Before attempting to define an estimator for variance, show that
$\E(Y^2) = \sigma^2/n$.
\Part In practice, we don't know the mean of $X$ so following
part (a), we estimate it as $Y$. With this in mind, we consider the random variable $Z =
\sum_{i=1}^n (X_i -Y)^2$. What is $\E(Z)$?
\Part What is a good unbiased estimator for the $\Var{X}$?
\Part How does this differ from what you might expect? Why?
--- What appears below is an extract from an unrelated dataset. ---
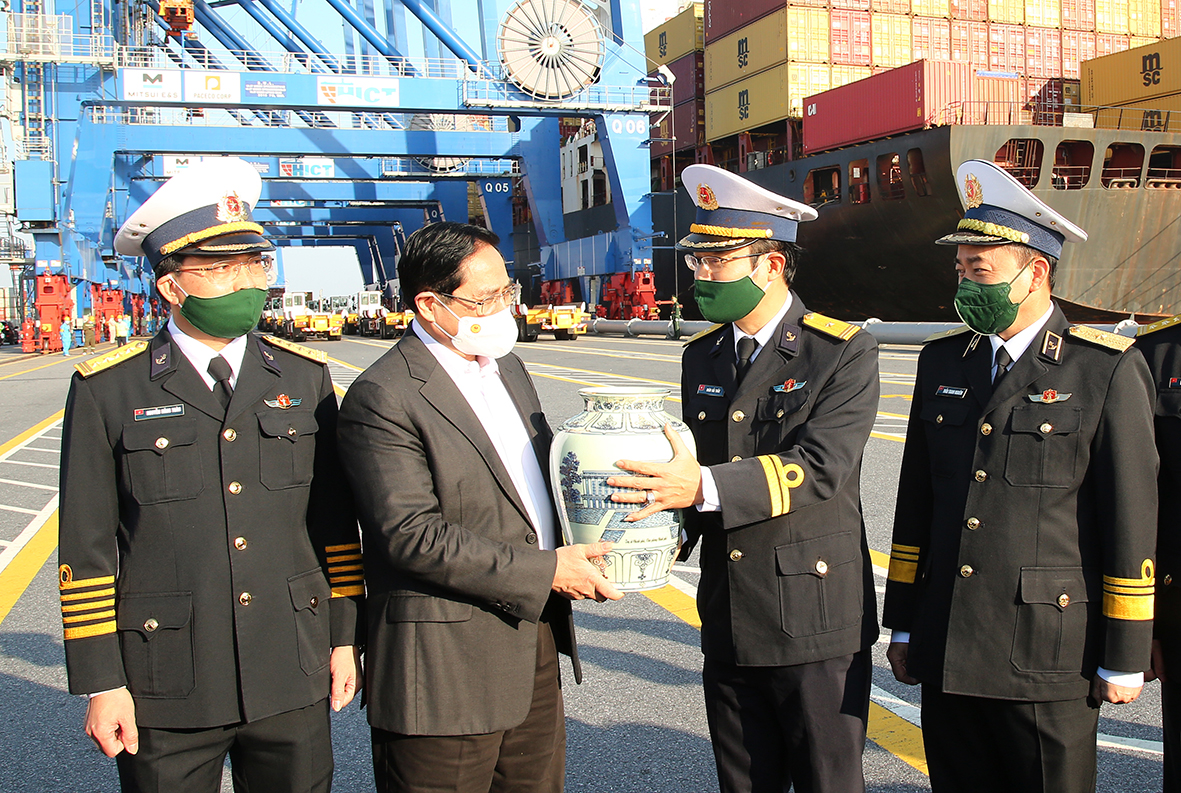 Sáng 19/12, tại TP. Hải Phòng, đồng chí Phạm Minh Chính, Ủy viên Bộ Chính trị, Thủ tướng Chính phủ cùng đoàn công tác của Chính phủ đến thăm và khảo sát tình hình hoạt động tại Cảng Container Quốc tế Tân cảng Hải Phòng (TC-HICT) thuộc Tổng công ty Tân cảng Sài Gòn, Quân chủng Hải quân.

(Just tell us your intuition here, it is all good!)
\end{Parts}
\Question{Markov Bound for Coupon Collectors}
Suppose you are trying to collect a set of $n$ different baseball cards. You get the cards by buying boxes of cereal: each box contains exactly one card, and it is equally likely to be any of the $n$ cards. You are interested in finding $m$, a lower bound on the number of boxes you should buy to ensure that the probability of you collecting all $n$ cards is at least $\frac{1}{2}$. In class, we used the Union Bound to show that it suffices to have $m \geq n \ln (2n)$.
Use Markov's Inequality to find a different (weaker) lower bound on $m$.
\Question{Safeway Monopoly Cards}
It's that time of the year again - Safeway is offering its Monopoly Card promotion. Each time you visit Safeway, you are given one of $n$ different Monopoly Cards with equal probability. You need to collect them all to redeem the grand prize.
\begin{enumerate}[(a)]
\item Let $X$ be the number of visits you have to make before you can redeem the grand prize. Show that $\Var{X} = n^2\left(\sum_{i=1}^n i^{-2}\right) - \E(X)$. \textit{[Hint: Does this remind you of a particular problem? What is the expectation for this problem?]}
\item The series $\sum_{i=1}^\infty i^{-2}$ converges to the constant value $\pi^2/6$. Using this fact and Chebyshev's Inequality, find a lower bound on $\beta$ for which the probability you need to make more than $\E(X) + \beta n$ visits is less than $1/100$, for large $n$. \textit{[Hint: Use the approximation $\sum_{i = 1}^n i^{-1} \approx \ln n$ as $n$ grows large.]}
\end{enumerate}
\Question{Dice}
In this problem, let $X_1, X_2, \dots X_n$ each denote the outcomes of standard six-sided dice rolls. Let $A$ denote the average of the outcomes $(\sum_{i = 1}^n X_i)/n$.
\begin{enumerate}[(a)]
\item For $n = 100$, find some $a$ and $b$ such that $A$ is in the interval $[a, b]$ with probability at least 90\% (Don't use trivial intervals like [1, 6]).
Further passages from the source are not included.